Bancadas do PMDB e do PT devem crescer no Senado
Se for mesmo eleita presidente, como apontam as pesquisas, a candidata do PT, Dilma Rousseff, terá um Senado muito mais dócil do que o governo Lula. As consultas de intenção de voto mais recentes indicam que a estratégia de Lula de trabalhar um conjunto mais amistoso no salão azul deu certo. Os partidos aliados podem […]

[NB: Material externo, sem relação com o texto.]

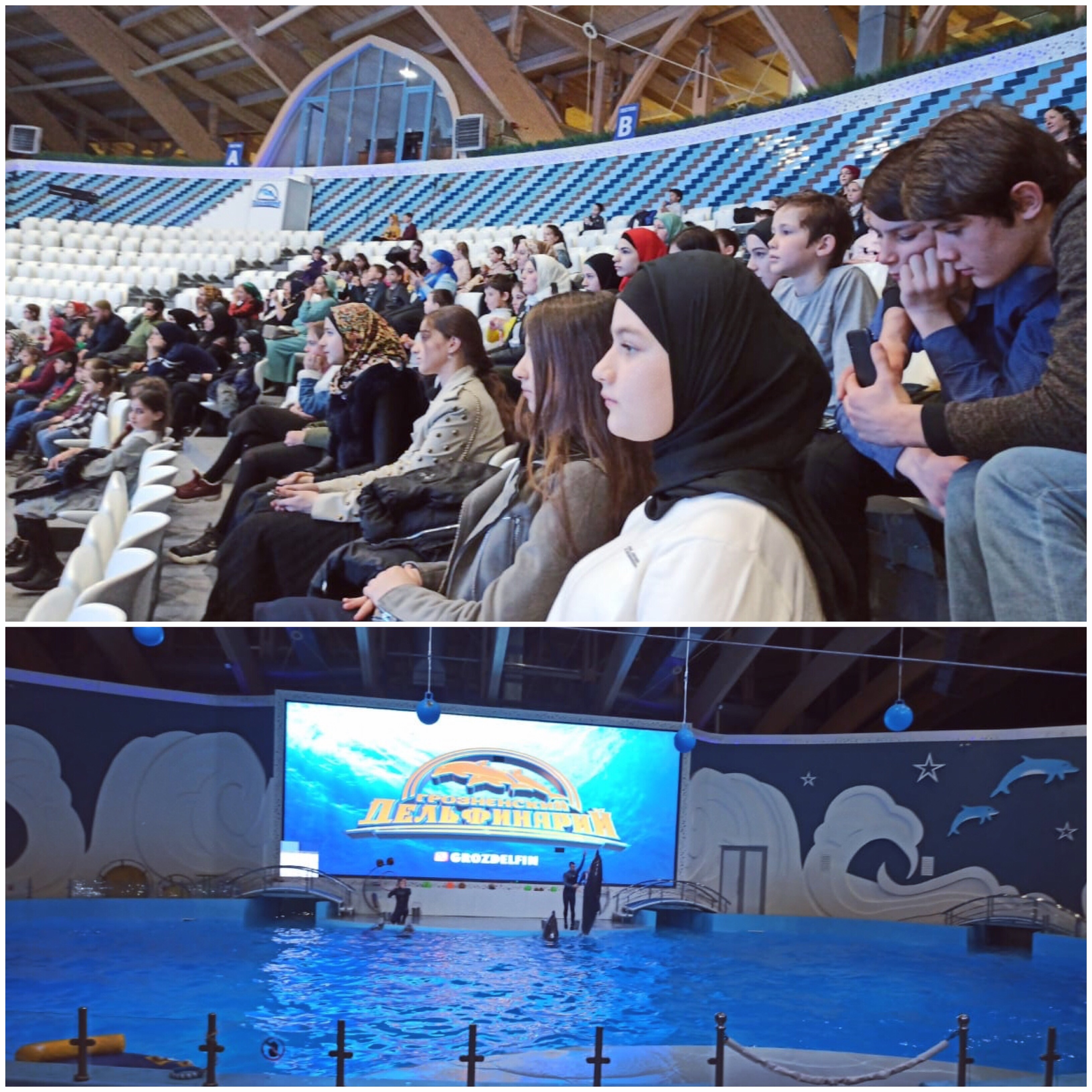Четыре дельфина — Зака, Ноя, Макса и Протея, самка морского котика Маша и морская львица Найва. Их в Грозный привезли из Анапы. Шоу великолепное — сложные трюки, отличная постановка, музыкальное и световое сопровождение.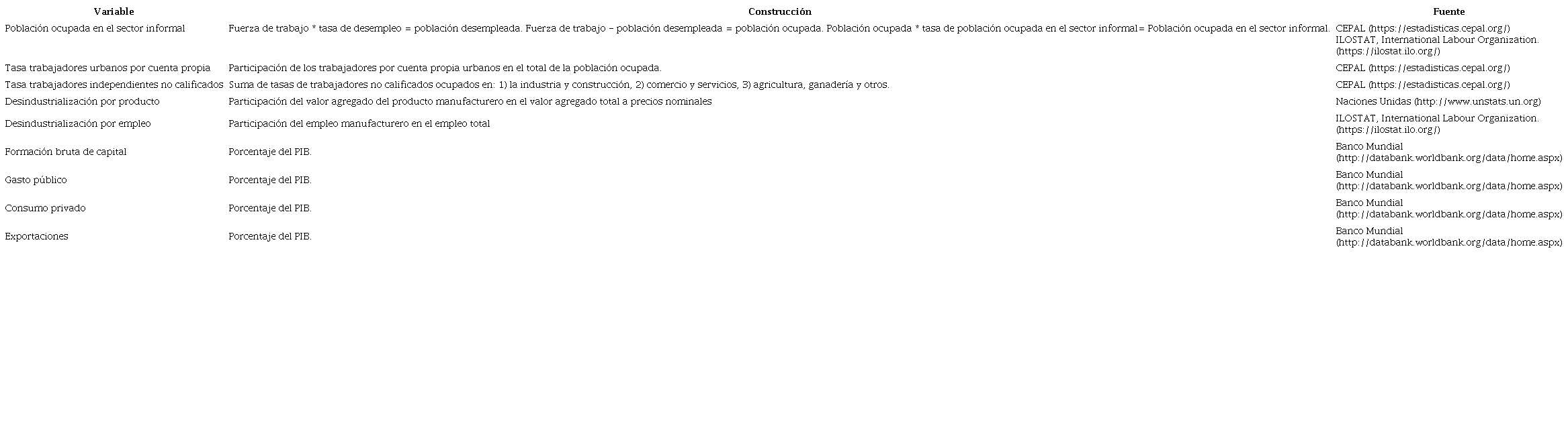 En esta sección, presentamos un ejercicio empírico con el fin de corroborar la argumentación teórica de la sección precedente. Es decir, intentamos mostrar que la desindustrialización prematura es causante del empleo informal. Al sustentar empíricamente nuestra hipótesis, es posible sugerir con mayor fundamento políticas que resuelvan el empleo informal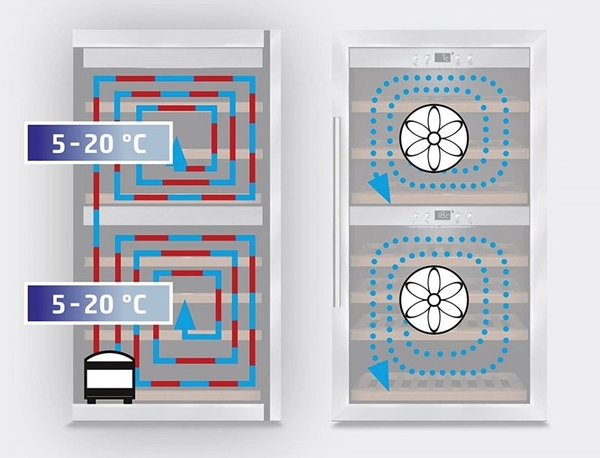 - Hai vùng nhiệt độ riêng biệt, có thể điều chỉnh riêng cho rượu vang trắng và đỏ.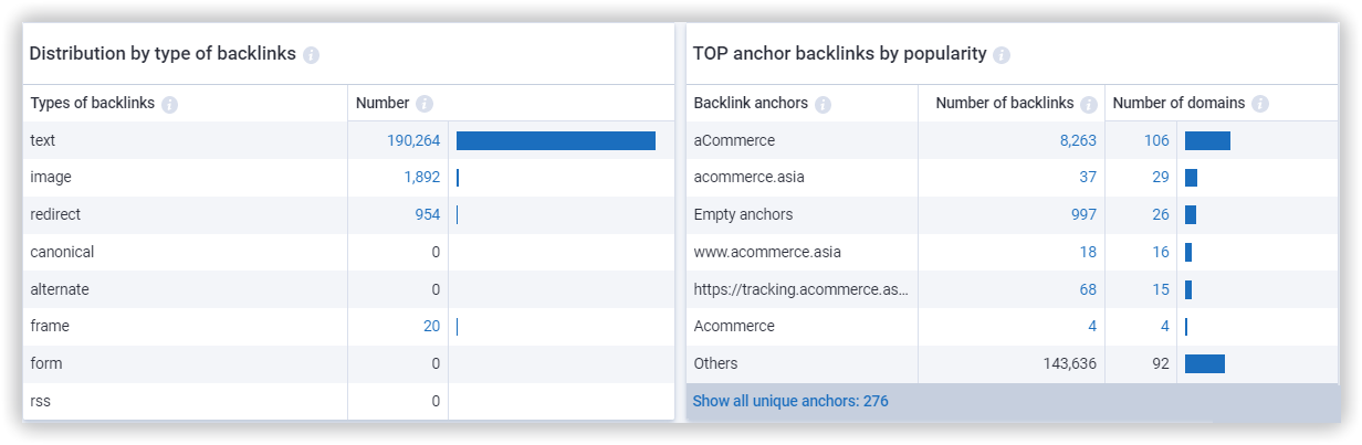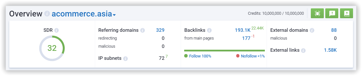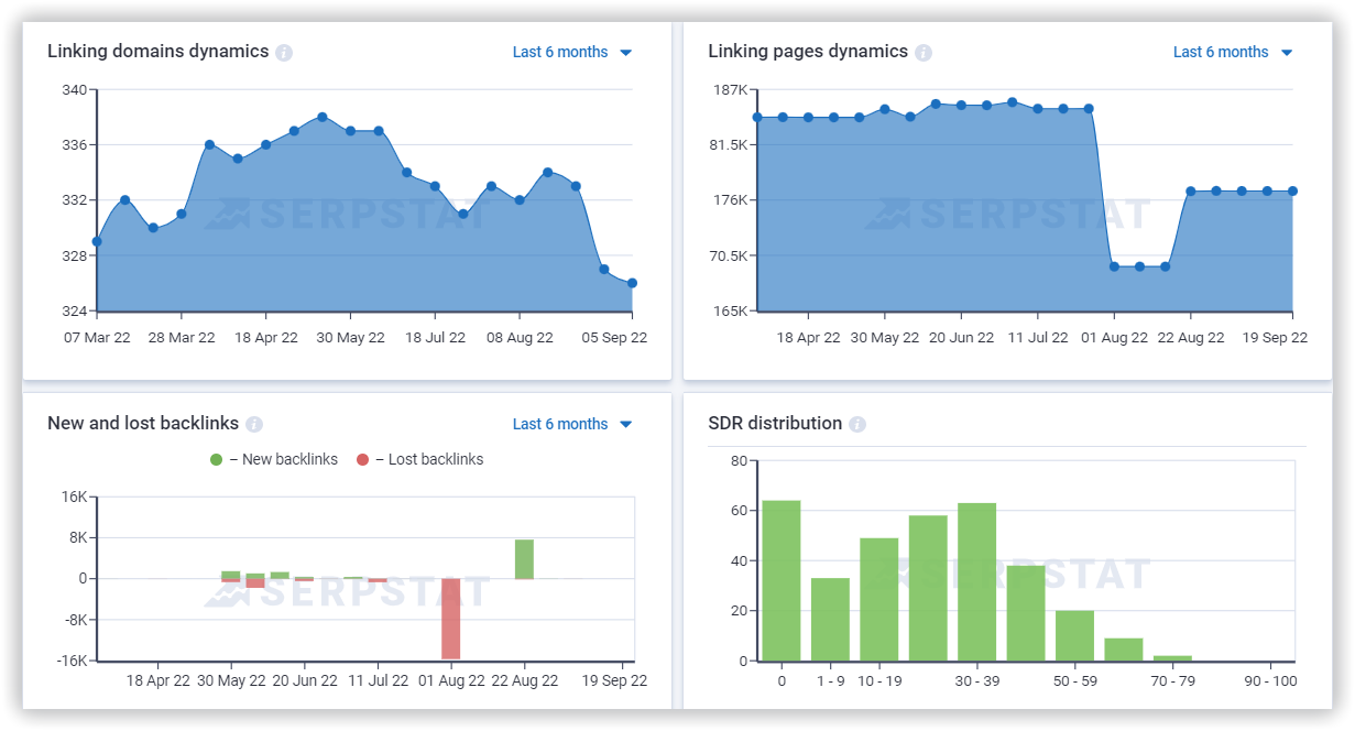 In the Backlink Dashboard report of the Serpstat Backlink Analysis tool, we can find general information about our website's (or competitor's) backlink profile: referring domains and subdomains, referring homepages, IP addresses and subnets, anchors, a domain authority indicator, and more.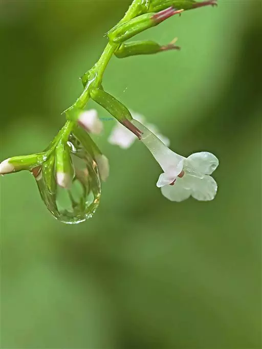 花冠漏斗状筒形,长6.5-7.5毫米,蓝紫色、淡红色至白色,外面无毛,内面于筒部远轴面被短柔毛;筒部长4-4.5毫米,口部直径约1.5毫米,基部上方直径约0.7毫米;檐部2唇形,上唇直立,长1.3-2毫米,先端2浅裂,下唇平伸,长2.5-3毫米,3浅裂,中央裂片较大。雄蕊4,着生于冠筒内面基部上方2.5-3毫米处,无毛;花丝狭线形,长1.5-1.8毫米,远轴2枚较长;花药肾状圆形,长0.3-0.4毫米,宽约0.5毫米。雌蕊无毛;子房斜长圆状披针形,长1.9-2.2毫米;花柱细长,长3-3.5毫米;柱头2唇形,下唇较长,长圆形。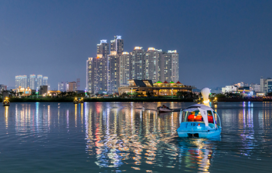 대구 수성구 수성못의 야경. 밤에 오리배 위에 올라 감상하는 야경이 일품이다. 대구 수성구 제공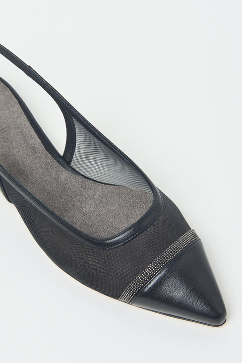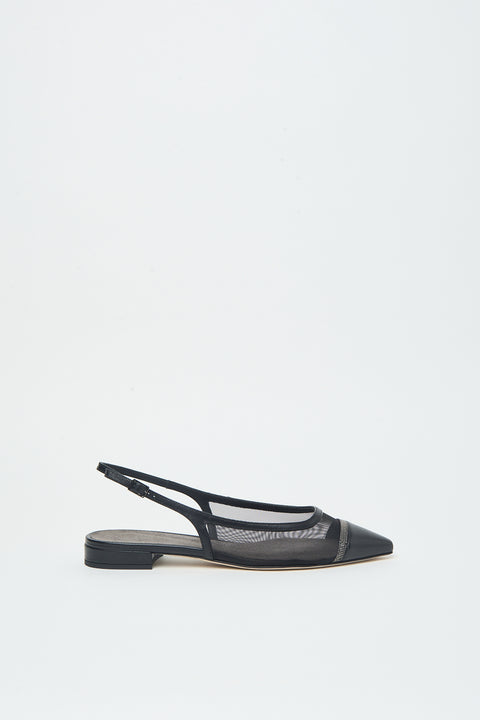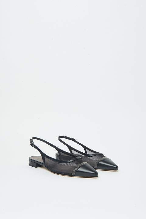 Эти туфли на плоской подошве сочетают в себе воздушный тюль и кожаную отделку, создавая изысканную и неповторимую модель.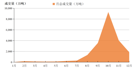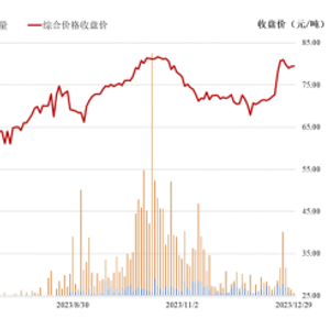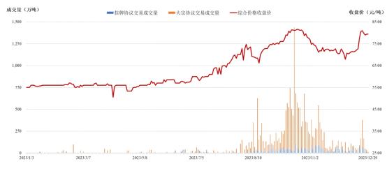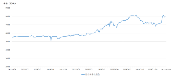 从成交价格看,2023年每日综合价格收盘价在50.52元/吨-81.67元/吨之间。12月29日收盘价79.42元/吨,较2022年最后一个交易日(2022年12月30日)上涨44.40%。2023年市场成交均价68.15元/吨,较2022年市场成交均价上涨23.24%。

Os governistas, em especial, o PMDB, estão em festa. Em conversas reservadas, há quem diga que eles terão tudo para permanecer no comando do Senado. Se as pesquisas estiverem corretas e eles conseguirem ainda pular a fogueira da Lei Ficha Limpa que chamuscou nomes como o de Jáder Barbalho, do Pará, ficarão com a maior bancada: 19 senadores. O PMDB aposta ainda em virada no Rio de Janeiro, onde, pela última consulta, Jorge Picciani aparecia em quarto lugar, atrás do petista Lindbergh Farias, de Cesar Maia e Marcelo Crivella. Se a mudança de posição ocorrer, o PMDB pode chegar a 20 senadores. Nos bastidores, os peemedebistas têm dito que, com Sérgio Cabral praticamente eleito, a prioridade dessas semanas se volta para os candidatos a senador, Picciani e Lindbergh. Mas o presidente Lula não se envolverá nessa campanha, porque tem no senador Crivella um aliado leal no Rio.
Logo atrás, vem o PT, que se prepara para eleger 12 senadores, quatro a mais do que tem nesta legislatura, e ficar com 13 – isso por causa do suplente de Renato Casagrande (PSB-ES), a quem muitos já se referem como futuro governador do Espírito Santo, uma vez que as pesquisas mais recentes indicam a vitória no primeiro turno. O PT ficaria, neste caso, empatado em número de senadores com o PSDB, que ficará com 13 senadores, três a menos do que tem hoje.
Quem perderá mais em termos de senadores é mesmo o DEM. Por isso, na oposição a palavra de ordem para as próximas três semanas é só uma: sobrevivência. Os senadores que ainda estão em campanha, mas apresentam boa pontuação nas pesquisas, vão para as ruas de olho no desempenho dos colegas de partido em outros estados, mas tratam de esconder as preocupações futuras. O senador Demóstenes Torres, do DEM de Goiás, é um exemplo. No estado, o parlamentar lidera as sondagens de intenção de votos e a tucana Lúcia Vânia garante a reeleição, segundo as estimativas. Demóstenes também comemora o desempenho eleitoral de Marconi Perillo (PSDB), favorito para levar o governo goiano. Mas, quando o assunto é a bancada da oposição no Senado em 2011, o senador desconversa. "Tem que ver quantos vamos eleger e a partir daí definir a estratégia", afirma, de olho na própria campanha.
O PSDB também evita fazer essas contas. O senador Agripino Maia (DEM-RN), ex-líder do seu partido na Casa, no entanto, ainda tem esperanças em uma virada dos candidatos tucanos. "Qualquer cálculo é prematuro. Quem garante que Paulo Bauer (PSDB-SC) não vai ser eleito e que Paulo Paim (PT) vai ser eleito? Tudo isso é muito prematuro", alega. Ele cita, por exemplo, o caso de Antonio Anastasia, candidato ao governo mineiro, que começou a reagir nas pesquisas e está hoje disputando vota a voto com o candidato do PMDB, Hélio Costa.